Carta a Niki

Hola, Cucú. Ya sé. La señora del departamento de abajo está pelada y usa un pañuelo que le cubre la cabeza. Cuando tose, parece un trombón, como si en el pecho arrullara el bebé de un trueno y ustedes se sobresaltan.

No pasa nada.

Ahora te escribo porque es tu cumpleaños. Vas a por las ocho velas. Son un montón. Y me alegra mucho que sigas con entusiasmo sumándole candelitas a las tortas. Me gusta que estés feliz. Pero.

No soy bueno dando consejos. De hecho, odio los consejos, así que no confíes en lo que digo. Sólo los ciegos están preparados para confiar ciegamente.

Parece que fue ayer cuando me enteré que venías y terminé en la guardia de un hospital con un ataque de pánico. Justo a mí, que no podía ni cuidarme solo, le tocaba semejante responsabilidad.

Y por fin llegaste e hiciste lugar a los alaridos entre los egoísmos para conquistar la tierra que no era de nadie. Fue tu mérito. Siempre lo será. Fundar un hogar no es nada fácil y lo hiciste, aunque las cosas no hayan salido a pedir de boca, la aventura estuvo bien.

Y después vino tu hermana y puso el broche de oro. Ha sido una gran experiencia.

A veces veo fotos de cuando estabas por nacer, y después veo otras donde ya estás envuelta en una frazada, en brazos de alguien, con los ojos muy abiertos mirándote la manito.

El día en que asomaste la cabeza y lloraste para avisar que empezaba la carrera, yo estaba muy asustado.

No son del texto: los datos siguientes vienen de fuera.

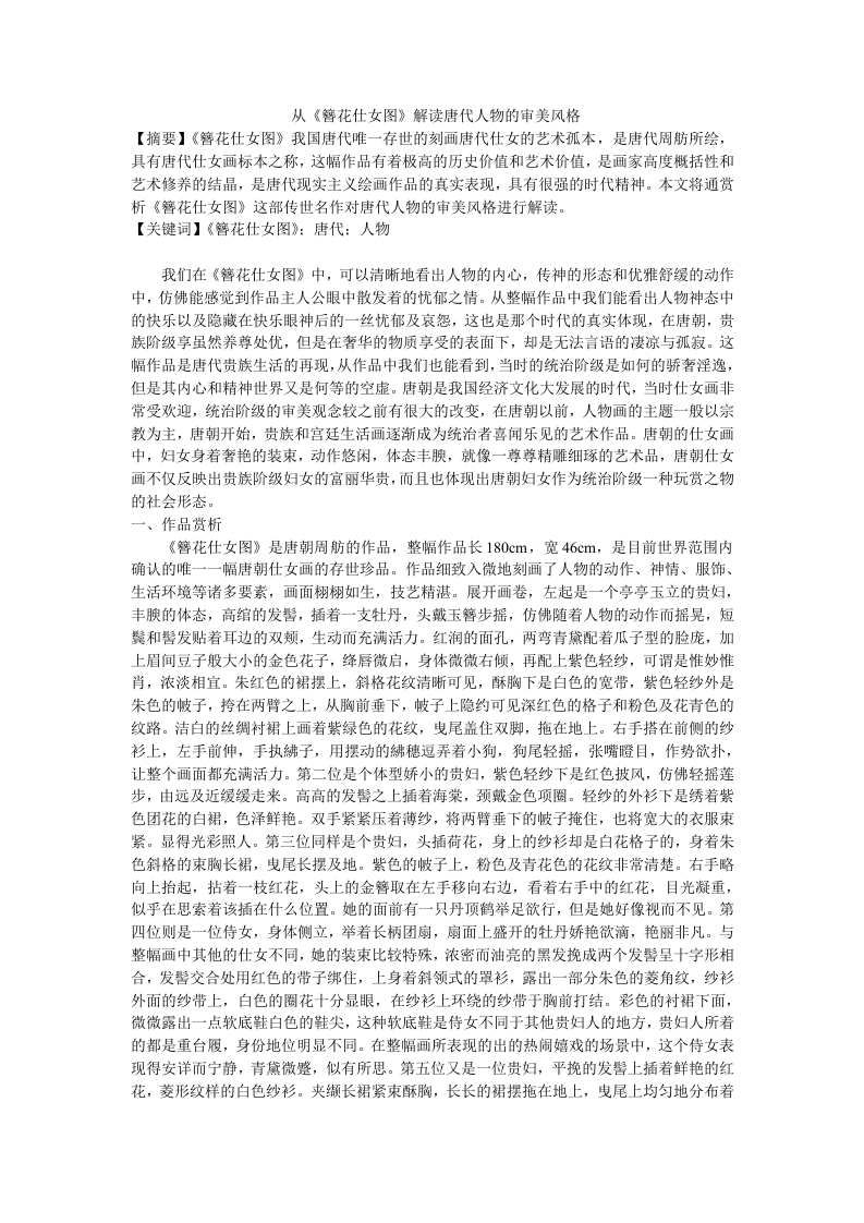 从《簪花仕女图》解读唐代人物的审美风格【摘要】《簪花仕女图》我国唐代唯一存世的刻画唐代仕女的艺术孤本,是唐代周舫所绘,具有唐代仕女画标本之称,这幅作品有着极高的历史价值和艺术价值,是画家高度概括性和艺术修养的结晶,是唐代现实主义绘画作品的真实表现,具有很强的时代精神。本文将通赏析《簪花仕女图》这部传世名作对唐代人物的审美风格进行解读。【关键词】《簪花仕女图》:唐代:人物我们在《簪花仕女图》中,可以清晰地看出人物的内心,传神的形态和优雅舒缓的动作中,仿佛能感觉到作品主人公眼中散发着的忧郁之情。从整幅作品中我们能看出人物神态中的快乐以及隐藏在快乐眼神后的一丝忧郁及哀怨,这也是那个时代的真实体现,在唐朝,贵族阶级享虽然养尊处优,但是在奢华的物质享受的表面下,却是无法言语的凄凉与孤寂。这幅作品是唐代贵族生活的再现,从作品中我们也能看到,当时的统治阶级是如何的骄奢淫逸,但是其内心和精神世界又是何等的空虚。唐朝是我国经济文化大发展的时代,当时仕女画非常受欢迎,统治阶级的审美观念较之前有很大的改变,在唐朝以前,人物画的主题一般以宗教为主,唐朝开始,贵族和宫廷生活画逐渐成为统治者喜闻乐见的艺术作品。唐朝的仕女画中,妇女身着奢艳的装束,动作悠闲,体态丰腴,就像一尊尊精雕细琢的艺术品,唐朝什女画不仅反映出贵族阶级妇女的富丽华贵,而且也体现出唐朝妇女作为统治阶级一种玩赏之物的社会形态。一、作品赏析《簪花仕女图》是唐朝周舫的作品,整幅作品长180cm,宽46cm,是目前世界范围内确认的唯一一幅唐朝仕女画的存世珍品。作品细致入微地刻画了人物的动作、神情、服饰、生活环境等诸多要素,画面栩栩如生,技艺精湛。展开画卷,左起是一个亭亭玉立的贵妇,丰腴的体态,高绾的发髻,插着一支牡丹,头戴玉簪步摇,仿佛随着人物的动作而摇晃,短鬓和髻发贴着耳边的双颊,生动而充满活力。红润的面孔,两弯青黛配着瓜子型的脸庞,加上眉间豆子般大小的金色花子,绛唇微启,身体微微右倾,再配上紫色轻纱,可谓是惟妙惟肖,浓淡相宜。朱红色的裙摆上,斜格花纹清晰可见,酥胸下是白色的宽带,紫色轻纱外是朱色的帔子,挎在两臂之上,从胸前垂下,帔子上隐约可见深红色的格子和粉色及花青色的纹路。洁白的丝绸衬裙上画着紫绿色的花纹,曳尾盖住双脚,拖在地上。右手搭在前侧的纱衫上,左手前伸,手执紼子,用摆动的紼穗逗弄着小狗,狗尾轻摇,张嘴瞪目,作势欲扑,让整个画面都充满活力。第二位是个体型娇小的贵妇,紫色轻纱下是红色披风,仿佛轻摇莲步,由远及近缓缓走来。高高的发髻之上插着海棠,颈戴金色项圈。轻纱的外衫下是绣着紫色团花的白裙,色泽鲜艳。双手紧紧压着薄纱,将两臂垂下的帔子掩住,也将宽大的衣服束紧。显得光彩照人。第三位同样是个贵妇,头插荷花,身上的纱衫却是白花格子的,身着朱色斜格的束胸长裙,曳尾长摆及地。紫色的帔子上,粉色及青花色的花纹非常清楚。右手略向上抬起,拈着一枝红花,头上的金簪取在左手移向右边,看着右手中的红花,目光凝重,似乎在思索着该插在什么位置。她的面前有一只丹顶鹤举足欲行,但是她好像视而不见。第四位则是一位侍女,身体侧立,举着长柄团扇,扇面上盛开的牡丹娇艳欲滴,艳丽非凡。与整幅画中其他的仕女不同,她的装束比较特殊,浓密而油亮的黑发挽成两个发髻呈十字形相合,发髻交合处用红色的带子绑住,上身着斜领式的罩衫,露出一部分朱色的菱角纹,纱衫外面的纱带上,白色的圈花十分显眼,在纱衫上环绕的纱带于胸前打结。彩色的衬裙下面,微微露出一点软底鞋白色的鞋尖,这种软底鞋是侍女不同于其他贵妇人的地方,贵妇人所着的都是重台履,身份地位明显不同。在整幅画所表现的出的热闹嬉戏的场景中,这个侍女表现得安详而宁静,青黛微整,似有所思。第五位又是一位贵妇,平挽的发髻上插着鲜艳的红花,菱形纹样的白色纱衫。夹缬长裙紧束酥胸,长长的裙摆拖在地上,曳尾上均匀地分布着紫绿色的团花,色彩鲜明,雍容典雅而不失富丽华贵之气。轻纱笼罩的长裙上,颜色显得比较朦胧。绘着彩色云风图样的紫色帔子,自然地垂在身后,轻轻举起的右手,芊芊的手指拈起脖颈处的轻纱,仿佛不耐这闷热的天气。左手从轻纱一旁悄悄伸出,仿佛也想要逗弄远处的小狗,希望与小狗一起嬉戏玩耍。二、人物审美风格1、人物装饰的风格当代学者谢稚柳先生一直认为《簪》图是南唐时期的作品,主要是因为:高鬓与替花(也就是所谓的“首翘鬓朵”)以及“纤裳”都是南唐后主李煌时期才开始出现的:其次是人物的着装和辛夷花开放的季节。谢稚柳先生依据南宋时期著名诗人陆游的《南唐书》中有这么一段描写:“高鬓纤裳首翘鬓朵之妆,人皆效之”,这里所说的“高鬓纤裳”和“首翘鬓朵”都是指大周后的装束,所以,认定《簪》图为南唐时期作品。我们无从考察陆游是依据什么而记载的,但是马令的《南唐书》同样也记载了这样的场面,大周后去世,李煌致悼词便有“高鬓凌风”之说。然根据历史知识我们知道,陆游生活在十二世纪到十三世纪初,而南唐后主李煌则生活在十世纪,两者的生活年代相差200余年。所以陆游不可能亲眼所见大周后是何装束,他的记载或许也道听途说。而马令的说法就更

Había leído mil noticias sobre los bebés que se pierden en las clínicas y de pronto me cayó la ficha de que ahora eras mi responsabilidad, algo para lo que no terminaré de prepararme jamás.

Comprendí que la tarea era grande y que había fallado en el primer paso: vino una gorda con un pañuelo verde en la cabeza y te llevó envuelta en una toalla y yo no dije ni mú.

Cuando me di cuenta, salí a buscarte. Anduve por esos pasillos anochecidos, y llegué hasta una puerta prohibida para padres. Te escuchaba llorar y estaba aturdido, me sentía en el medioevo, a mi bebé le estaban perforando las orejas.

Pero eso es un recuerdo viejo, un pasaje que no está más. Porque un día pestañeás y esa cosita pequeña y de ojos achinados ahora está por voltear a soplidos ocho velas sobre una torta.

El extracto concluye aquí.